If anything at all, and if you are still bent on having something extra to jazz up your door, I would have the blacksmith turnout some cherry blossom flowers and leaves through a process referred to as repoussé.

Here is an example of repoussé acanthus leaves applied to scrollwork.







Here is another example of repoussé in the way of flowers.






And yet another to show delicate acanthus leaves and foliage can be through the repoussé process.


----------



## Aunt Marg (Feb 10, 2021)

Keeping in mind, Dob, you can have any/all repoussé work done in a variety of complimentary metals to give a stunning contrast to the overall wrought design.

Copper, brass, bronze, and you can even have the flowers and leaves gilded.

Wow, look at that!


----------



## dobielvr (Feb 10, 2021)

Kathleen’s Place said:


> I’m having trouble envisioning this . Do you have a photo?  If he is bolting them on, why would they clang?


No, I don't have a picture.  It's half way done.
I'm just thinking that every time I close the door, it will make a heavy clanging noise, and eventually the bolts may loosen.


----------



## Knight (Feb 10, 2021)

Maybe the person building your door has a suggestion about the concern you have of a clanking sound

maybe something like this
Clear Soft Self-Adhesive Sound Dampening Rubber Bumpers​


----------



## dobielvr (Feb 10, 2021)

Aunt Marg, that all looks lovely, but a little too ornate for me.  And costly.  The flowers are about 1 1/ 2" in diameter.
Painted a pink color, then I'm going to place them along the bottom of the screen, somehow random.
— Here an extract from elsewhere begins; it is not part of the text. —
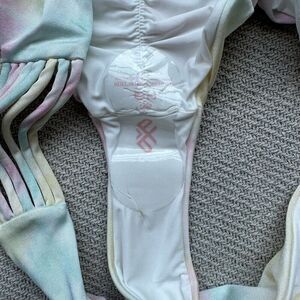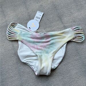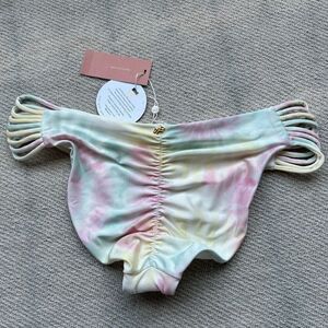 PQSwim Isla Ruched Tie Dye Swim Bikini Bottom Size Large NWT $78 Scrunch Butt

But, I want to glue them instead of bolting them.  Do you think they'd hold w/that E6000 glue, which seems to be an industrial type of glue?


----------



## Aunt Marg (Feb 10, 2021)

dobielvr said:


> Aunt Marg, that all looks lovely, but a little too ornate for me.  And costly.  The flowers are about 1 1/ 2" in diameter.
> Painted a pink color, then I'm going to place them along the bottom of the screen, somehow random.
> 
> But, I want to glue them instead of bolting them.  Do you think they'd hold w/that E6000 glue, which seems to be an industrial type of glue?


Gosh, I have no clue about what sort of glue or adhesive one would use for such an application, Dob.

A picture would really help.

I honestly can't see glue lasting with the freezing and heating nature of temperatures throughout the year, would just be a matter of time before your decorative work would fall off or become lose.


----------



## dobielvr (Feb 10, 2021)

Hmmm that's something to consider.  But, hopefully this glue would work.

Sorry, no pics.


----------



## RadishRose (Feb 10, 2021)

Try Gorilla Glue


----------



## dobielvr (Feb 10, 2021)

RadishRose said:


> Try Gorilla Glue


Hey, I might just do that!
Do you think I should try a little in my hair first to see if it works....


----------



## RadishRose (Feb 10, 2021)

dobielvr said:


> Hey, I might just do that!
> Do you think I should try a little in my hair first to see if it works....


----------



## Aunt Marg (Feb 10, 2021)

dobielvr said:


> Hey, I might just do that!
> *Do you think I should try a little in my hair first to see if it works*....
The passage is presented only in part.